Recruiting Violation
Red Sox fans chanting “MVP” at Aaron Judge might be the most sickening moment in Sox-Yanks history
The Red Sox don’t like the Yankees and the Yankees don’t like the Red Sox. It’s an indisputable fact. A truth, as America’s founding fathers so eloquently put it, that we hold to be self-evident. This is the way this country has always been—one nation, indivisible … unless the Sox are playing the Yanks. But the times they are nothing if not a-changin’, and nowhere was that more evident than at Fenway Park on Wednesday night when Red Sox fans broke into a spontaneous “MVP!” chant … for Aaron Judge.

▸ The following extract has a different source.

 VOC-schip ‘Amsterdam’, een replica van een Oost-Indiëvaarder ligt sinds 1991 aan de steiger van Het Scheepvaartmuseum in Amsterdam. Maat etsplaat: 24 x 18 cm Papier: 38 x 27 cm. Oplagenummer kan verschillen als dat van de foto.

If you just threw up in your mouth a bit, you’re not alone. Mickey Mantle was doing somersaults in his grave. Ted Williams threw the remote at the big flatscreen in the sky. Capital-H Haters on either side of the century-long blood feud were sent running for a scalding-hot shower, two gallons of mouthwash, and a bottle of bleach. But while this is clearly a softening in the age-old hardline—a crossing of previously uncrossable thresholds—there is some interesting context at play. To be very clear, Fenway Park was NOT anointing Aaron Judge their AL MVP because they like him. They were doing it because they want him playing for their team.
Is the Fenway faithful’s courtship of Judge still gross? You bet. Is Judge flirting with Sox fans while wearing pinstripes not only unseemly, but the exact inverse of what launched this rivalry in the first place? Yep. But at least there’s some logic to all this. There’s nous, tactics, and a yearning desire to twist the biggest knife of them all. It’s not just a bunch of fairweather happy-clappers wearing Sox-Yanks split jerseys and Dodgers hats.

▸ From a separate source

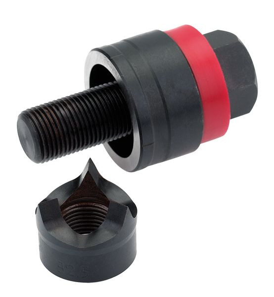 Schraublocher Diamant ein innovativer Spalt-Stempel mit drei Schneidspitzen: Stanzabfall wird in drei Teile gespalten. Geeignet für: Stahlblech (ST 37), Kunststoff und Aluminium. Betätigung: Manuell und hydraulisch. Ausführung: Mit Stempel und Matrize, Zugschraube mit Kugellager. Loch-Ø 25,4 mm; Materialstärke 2,0 mm; Nennmaß metrisch 25 mm; Größe 1"; Schraubengröße 9,5x50,0 mm; Vorbohr-Ø 10,0 mm

Still though, it feels wrong because it is wrong. We’re all for unity and togetherness (and blah blah blah) in society, but when it comes to sports, let us hate and let us heckle. Let us be the emotional, territorial maniacs we shouldn’t be by the light of day. Let the Red Sox loathe the Yankees and the Yankees despise the Red Sox, regardless of the impending free agency implications. As the old saying goes, if you only have something nice to say, don't say anything at all ... or something like that.